There are several reasons I have not tried to be more precise. There is uncertainty about how many high outliers to remove, about faster time controls, and about geographical drifts in ratings. The effect depends on how much a junior player is disposed to improve in the first place; I found it absent in the lower divisions of the UK’s junior leagues played online last winter. In an individual cheating case I take a more-particular fix on the appropriate rating. What the equation is for is to show the fairness of my baseline relative to the field on the whole. There are also non-cheating purposes, which should come to the fore as FIDE and other federations emerge from the pandemic, and which I discuss next.

I have been using essentially this formula ever since. From large scholastic tournaments across the globe this spring, I settled on fixing the adjustment for those with birth year 2008 or later as 25 Elo {\times} (months since April 2020). For players with official rating {R > 2000} I apply the rough multiplier {(3000 - R)/1000}, and for those with {K < 40} I (also) multiply by {\sqrt{K/40}}.

I won’t claim the ’15’ and ’25’ are right, compared to multipliers that are 1 or 2 higher or lower. But the results I have been getting all year say that my 15 and 25 are most often closer than factors of 10 or 20 or 30 would be. In almost all cases, like for the US Jr. W above, my pre-set rating calibration has come an order of magnitude closer to the IPR verification than the adjustments themselves. Taking a cue from the title of Jordan Ellenberg’s predecessor to his book I previewed last month, my main concern is to be not very wrong.

A Dilemma Moving Forward

Providing an accurate and stable rating system has long been recognized as a prime service of FIDE. A legal dimension has been added insofar as evaluating cheating allegations requires a prior assessment of the natural skill of the accused player. The pandemic has made me take over much of the latter responsibility, but the former presents a wider dilemma doubtless faced in some form by other impacted sporting federations and educational assessment agencies on the whole:

Is it a higher responsibility to provide the most accurate assessment of current ability obtainable now, or to maintain continuity of the official assessment mechanism?
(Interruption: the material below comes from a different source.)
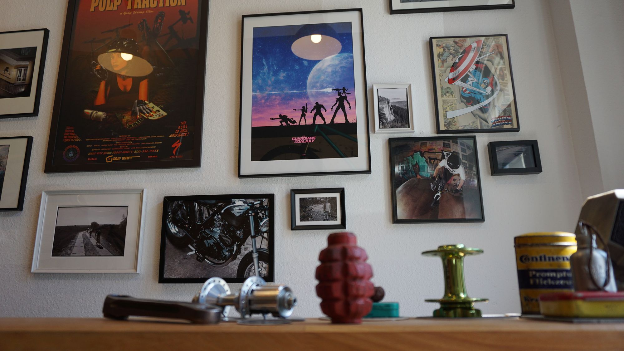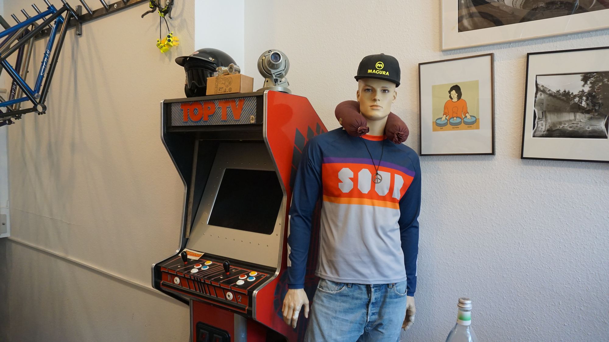 Linkerhand hängen einige ebenso sportliche Fahrräder von der holzvertäfelten Wand. Rechterhand ist ein Tresen aufgebaut, dahinter einige gerahmte Bilder vom Fahrrad und der Popkultur.

I could go even wider to analogize this to the US Census debate over whether estimations, presuming demonstration of their greater accuracy, should be used in preference to the conducted count. The latter is enshrined in the US Constitution, while the principle that chess rating points should be won or lost only in actual combat is similarly hallowed. But I have certainly “demonstrated the obvious”: that the current official ratings of almost all the keenest young players are very wrong.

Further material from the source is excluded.